Apple’s newly launched MacBook Pro with the new M5 Max chip has already shown up in an early benchmark result, even though the laptops will not begin arriving to customers until March 11. The numbers suggest another step forward in performance, with stronger CPU and GPU scores compared with the previous M4 Max generation.
Early benchmark listings often appear before new hardware officially reaches users, so the results still need confirmation once the devices ship widely. Even so, the data gives an early look at how Apple’s latest high-end silicon performs inside the next 16-inch MacBook Pro.
According to a listing spotted on Geekbench, the M5 Max chip with an 18-core CPU achieved a single-core score of 4,268 and a multi-core score of 29,233. The test reportedly ran on a machine labeled Mac17,7, which corresponds to the upcoming 16-inch MacBook Pro model.
Early performance results
If these numbers hold up in broader testing, the M5 Max will deliver a noticeable jump over the M4 Max used in current MacBook Pro models. The gains appear in both single-core and multi-core performance.
Key benchmark comparisons include:
- 16-inch MacBook Pro with M5 Max (18-core CPU): 29,233 multi-core
- Mac Studio with M3 Ultra (32-core CPU): 27,726 multi-core average
- Mac Studio with M4 Max (16-core CPU): 26,166 multi-core average
- 16-inch MacBook Pro with M4 Max (16-core CPU): 25,702 multi-core average
The results indicate that the M5 Max runs about 9 percent faster in single-core performance and around 13 to 15 percent faster in multi-core performance compared with the M4 Max.
GPU and graphics performance
Graphics scores also show a great improvement.

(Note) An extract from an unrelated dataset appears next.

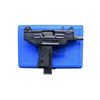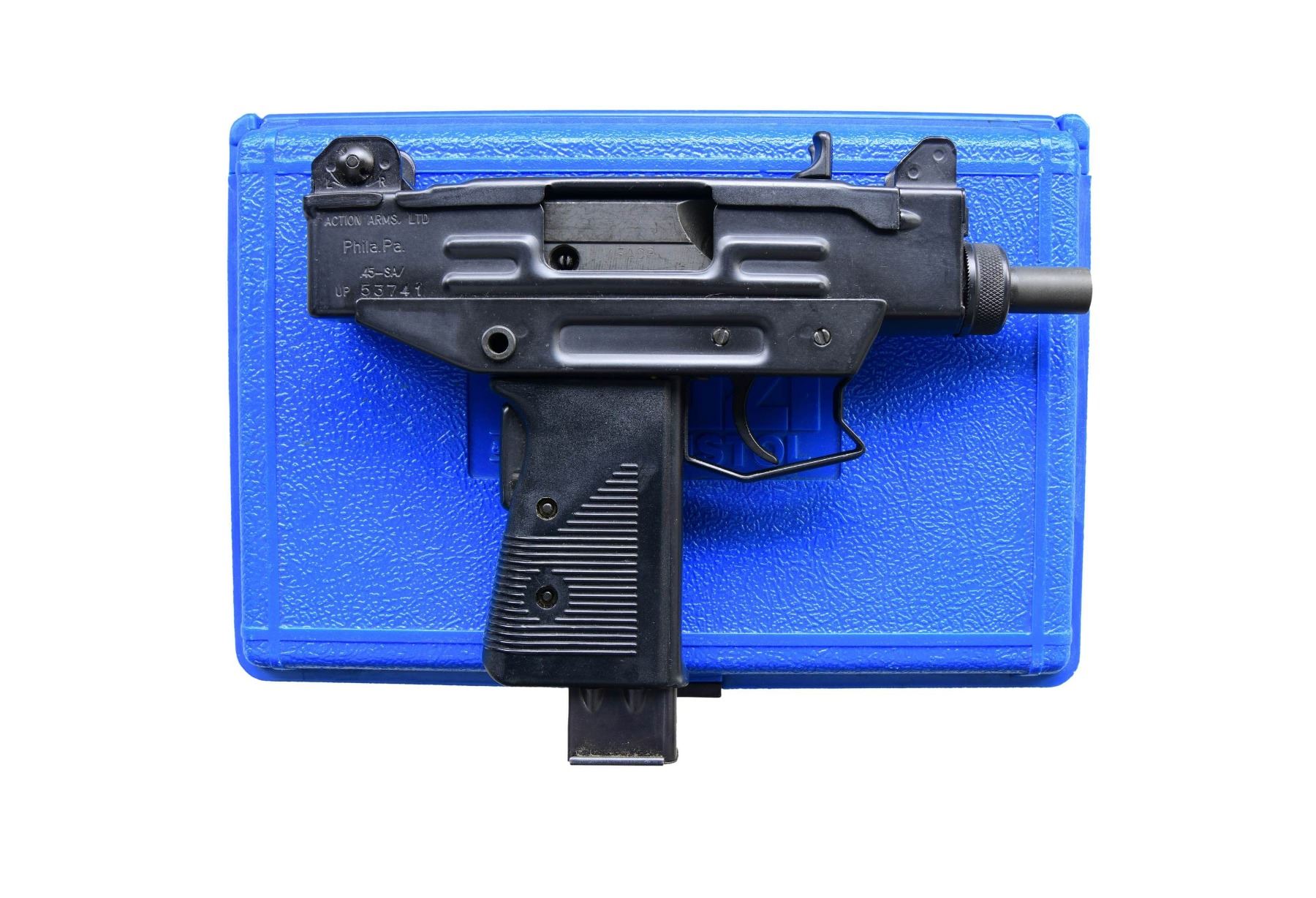 Cal. 45 ACP. S# UP53741. Bbl. 4 1/2". Action Arms Ltd./IMI UZI pistol. Semi automatic variant of the exotic micro UZI SMG. 3 Dot sight system. Elevation adj. protected post front sight. Windage adj. rear sight. Slotted, non reciprocating top mounted charging handle. Classic black painted finish on most exposed metal parts. F-S trigger group. Black plastic furniture. MAGS: 1 factory 10 rd. UNATTACHED ACCESSORIES: Action Arms blue plastic transport case & sight adj. tool. CONDITION: All aspects indicate very little use, if any. Finish on all exposed parts is unblemished. Bore is shiny w/ strong rifling. Fire control mechanism appears to function properly when cycled by hand. PROVENANCE: Lifelong Collection of Terrence McCarty. (24-585/JZ). MODERN. $700-1,000.

The benchmark lists a Metal score as high as 232,718 for the M5 Max with a 40-core GPU.
That result sits slightly below the top configuration of the M3 Ultra in the Mac Studio, which averages around 245,053 in Metal tests. However, it still lands more than 20 percent ahead of the highest M4 Max GPU results, which average around 191,600.
These early results suggest that the M5 Max delivers stronger CPU and GPU performance while keeping Apple’s yearly upgrade pace consistent.
Apple already opened pre-orders for MacBook Pro models with M5 Pro and M5 Max chips, and the first units will begin shipping to customers on March 11.